Judge instructs local officials to use force to pry supplies from FEMA

by Zeke Minaya, Clay Robison and Geronimo Rodriguez, Houston Chronicle

Sept. 26, 2005

BEAUMONT, Texas -- County Judge Carl Griffith said today he has become so frustrated with the federal relief effort that he has instructed all local officials to use police force if they have to to take supplies from the Federal Emergency Management Agency.



County Judge Carl Griffith

"If you have enough policemen to take it from them, take it," Griffith said.

His frustration comes as squabbling continues among federal, state and local over what some characterize as a woeful lack of communication.

R. David Paulison, acting FEMA head, was scheduled to visit the federal headquarters in the region, while local officials met across town to express their anger.

"We are very short on food and water, and the FEMA trucks that were supposed to be here just aren't here," Griffith said.

Commenting on the lack of help from FEMA, Griffith said, "We can't help it if politicans come here and just want to be seen by the media."

Deb Schmidt, a U.S. Forest Service official, attended the meeting and tried to catalog all the needs around the county, but she mostly ended up observing anger from the local officials.

"We hit the ground running with our own commodities and our own facilities, but we have no support," Griffith said.

City officials cited a lack of water pumps, generators, food and water, and they complained about federal relief teams failing to show and fuel deliveries not happening as promised.

Andre Wimer, city manager for Nederland, said he was tired of getting the runaround from federal officials. "We spend the day faxing and talking and we don't get any feedback.
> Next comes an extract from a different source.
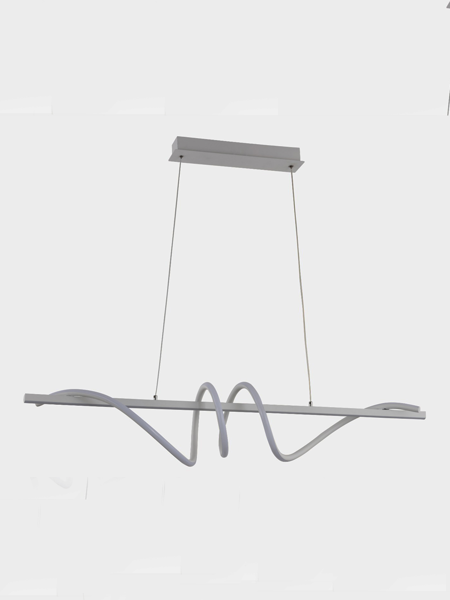 Металлическое основание потолочной люстры окрашено в белый цвет. Плафон люстры выполнен из сплава алюминия с цинком и окрашен в цвет основания. Светодиодные источники света закрыты белым акрилом.

We need somebody helping us."

All is not well between local and state officials either.

According to the local officials at the meeting, state troopers were not allowing city employees crucial to the relief effort back into the county.

"I realize that there is a significant logistics issue and I appreciate that," Wimer said. "But there is a significant amount of equipment and manpower sitting at (local FEMA headquarters) and for whatever reason, it has not been released and that is a bunch of (nonsense)."

Tempers also are flaring with local residents.

Officials of Bridge City, which took a hard hit from Hurricane Rita, today urged residents to stay away, following a tense confrontation between angry evacuees and police officers at a barricade on the edge of town.

Most of the 8,600 residents of the Orange County town in the southeastern corner of Texas fled the storm, and the town is still without electricity, clean water or passable streets, said Mayor Bobbie Burgess.

City Manager Don Fields said the situation turned ugly Sunday evening, when a large number of evacuees unsuccessfully tried to convince local police and Department of Public Safety troopers to let them return home.

Fields said no weapons were pulled but that officers were almost forced to do so. He said he also was told that one of the evacuees said, "I have a gun, and I'll get in any way I can."

Fields said the city's 13-member police force and small DPS detachment was reinforced by a few additional state troopers today but noted they could use more help.

The city manager said there had been a small amount of looting in the town and that it was best, from a public safety standpoint, to keep the town closed.

While much of the focus is on Beaumont and Port Arthur, the devastation spreads wide across East Texas.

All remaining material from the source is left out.